再会(2)
アズユールとの再会は、すぐに叶った。
改めてハガネ師匠から借りた城下町の一軒家を、彼女の方から訪ねて来てくれたのだ。
「ツェトラ、久しぶりだね。元気にしていたみたいで嬉しいよ」
「はい、アズユール。会いに来てくれてありがとう。あの時の目的は無事に果たせましたか」
「ああ。グレイダーの驚いた顔ったらなかったよ。君にも見せたかったな」
くすくすと愉快そうに笑って、ハーブティーに口をつけた。
魔の血脈にわずかでも連なる者は、最も美しく、最も強い力を手にした瞬間から、少しも老いることなく生きる。

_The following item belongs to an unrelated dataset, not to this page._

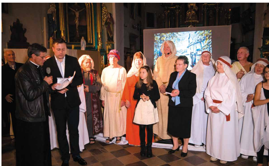
Aktorzy i reżyserzy wieczornicy zostali nagrodzeni gromkimi brawami

この特異な現象を『覚醒』と呼びならわすのは、ツェトラの知る限り、どこの世界でも同じである。
別れていた間に『覚醒』を迎えたのか、蜥蜴人族の姫君の美貌は輝きを増して見える。
空色の髪が少し短いのは妖魔族の職人の強い勧めでカットして伸びている最中らしい。
高等な魔法を(短期間だが)修練したために腕力よりも魔力が強くなり、全体に魔法文字を彫った専用の眼鏡をかけるようになったそうな。
「ちなみにですが、外すと?」
「我が家の文書の記述通りなら、10秒ほど見つめるだけで相手が麻痺する。20秒で魔法封じ、30秒なら気絶──正直ちょっと嫌だけどしょうがない。これは蜥蜴人族の血も関係するらしいから。他の種族にない長所だと思って使いこなせと教師に言われて、今はそうしている」
「そうなのですか……」
「職業選びでは【魔法剣士】にしたが、前衛職よりも魔導師や盗賊の方が向いてるのかもしれんな、本当は」
「蜥蜴人族の【戦士】や【闘士】をよく見かけますが」
「私らは基本、身体や腕力が強いからな。毒は2種類くらいしか効かんし魔法にもかかりにくい。純銀のアクセサリでも奮発して買っときゃ、ぶっちゃけ武具はテキトーでも構わん」
「なるほど……」
「ときに、覚醒した魔族を見るのは初めてか」
「そうでもないですが、何度見ても……やはり美しいなと」
「まあな。見て慣れるようなもんじゃないさ。私も妖魔族の学校で過ごす間は目やら精神を持って行かれないようにする方が大変だった」
「そんなにすごいんですか?」
「そりゃあもう美形だらけさ。ある種の人々からしたら楽園だろうが……下手するとずっとあの森から出られなくなるくらいには強烈な日々だった」
「入学しなくてよかった」
ツェトラもハーブティーを喫して、ほっと息をつく。
もし自分だったら心や愛情がいくつあっても足りなくなりそうだ──まあ、今だってそうじゃないかと言われれば、黙り込むしかない訳なんだけれども。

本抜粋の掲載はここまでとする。